4. Prompt Compression

Reduces input tokens by compressing conversation history and trimming redundant context.

graph LR
    A[Full Prompt<br>~2000 tokens] --> B[Trim Browsing History<br>Keep last 5 items]
    B --> C[Compress Conv History<br>Summarize older turns]
    C --> D[Deduplicate RAG Chunks<br>Remove overlapping content]
    D --> E[Strip Empty Context<br>Remove null fields]
    E --> F[Compressed Prompt<br>~1200 tokens]

    style A fill:#f66,stroke:#333
    style F fill:#2d8,stroke:#333

Code Example: Prompt Compressor

from typing import Optional


class PromptCompressor:
    """Reduce input token count while preserving essential context."""

    MAX_BROWSING_HISTORY = 5
    MAX_RECENT_TURNS = 6       # 3 user + 3 assistant
    MAX_RAG_CHUNKS = 3
    MAX_CHUNK_TOKENS = 200

    def compress(
        self,
        system_prompt: str,
        browsing_history: list[str],
        conversation_turns: list[dict],
        rag_chunks: list[dict],
        current_product: Optional[dict],
        active_promos: list[dict],
    ) -> str:
        parts = [system_prompt]

        # 1. Trim browsing history to recent items
        trimmed_history = browsing_history[-self.MAX_BROWSING_HISTORY :]
        if trimmed_history:
            parts.append(f"Recent browsing: {', '.join(trimmed_history)}")

        # 2. Compress conversation: keep recent turns, summarize older
        if len(conversation_turns) > self.MAX_RECENT_TURNS:
            older = conversation_turns[: -self.MAX_RECENT_TURNS]
            summary = self._summarize_turns(older)
            recent = conversation_turns[-self.MAX_RECENT_TURNS :]
            parts.append(f"Earlier context: {summary}")
            for turn in recent:
                parts.append(f"{turn['role']}: {turn['content']}")
        else:
            for turn in conversation_turns:
                parts.append(f"{turn['role']}: {turn['content']}")

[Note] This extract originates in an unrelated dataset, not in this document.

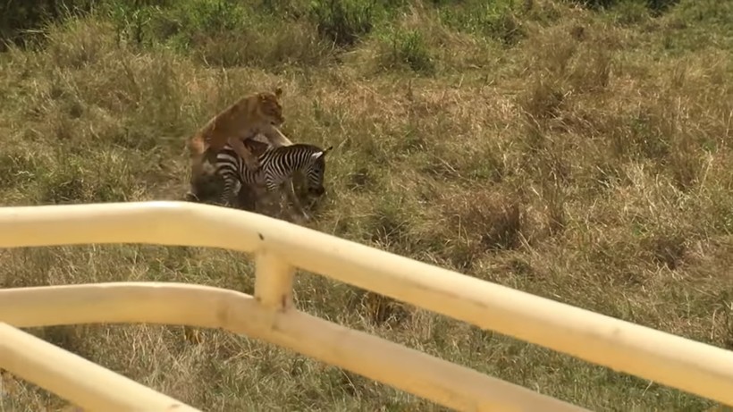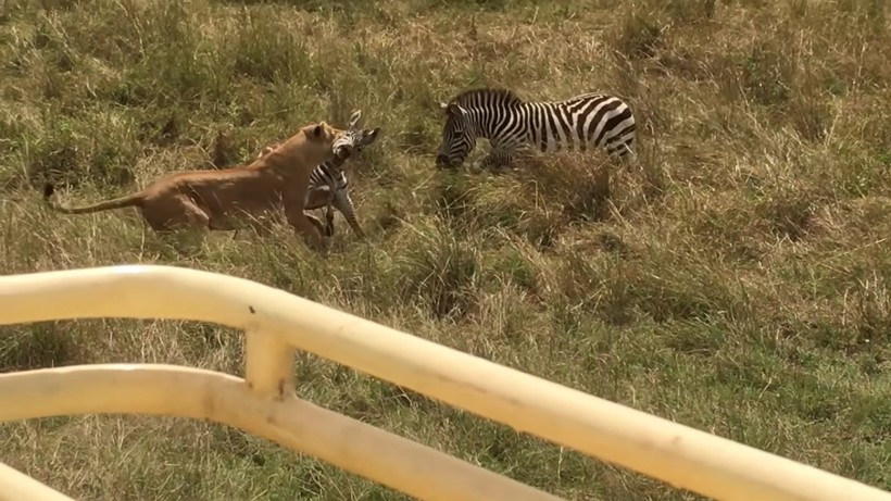 Львица повалила малыша на землю и вцепилась в горло. Крик ужаса и страха прокатился над равниной, не оставив туристов равнодушными к жеребенку. Казалось, что его время на этом свете истекло. Но тут на подмогу прибежала мама-зебра. Она бросалась на львицу до тех пор, пока та не отпустила малыша. Мать ударила обидчицу задними копытами и убежала вместе с «ребенком» за стадом. Львица же осталась сидеть в высокой траве, пораженная своим проигрышем и несостоявшимся обедом. Пользователи YouTube удивились, как мать бесстрашно вступила в бой за своего малыша. Обычно зебры могут дать отпор львам, но предпочитают спасаться бегством. Этот случай стал исключением.

        # 3. Deduplicate and trim RAG chunks
        unique_chunks = self._deduplicate_chunks(rag_chunks)
        for chunk in unique_chunks[: self.MAX_RAG_CHUNKS]:
            truncated = self._truncate_tokens(chunk["content"], self.MAX_CHUNK_TOKENS)
            parts.append(f"[{chunk['source_type']}] {truncated}")

        # 4. Include product context only if present
        if current_product:
            parts.append(self._compact_product(current_product))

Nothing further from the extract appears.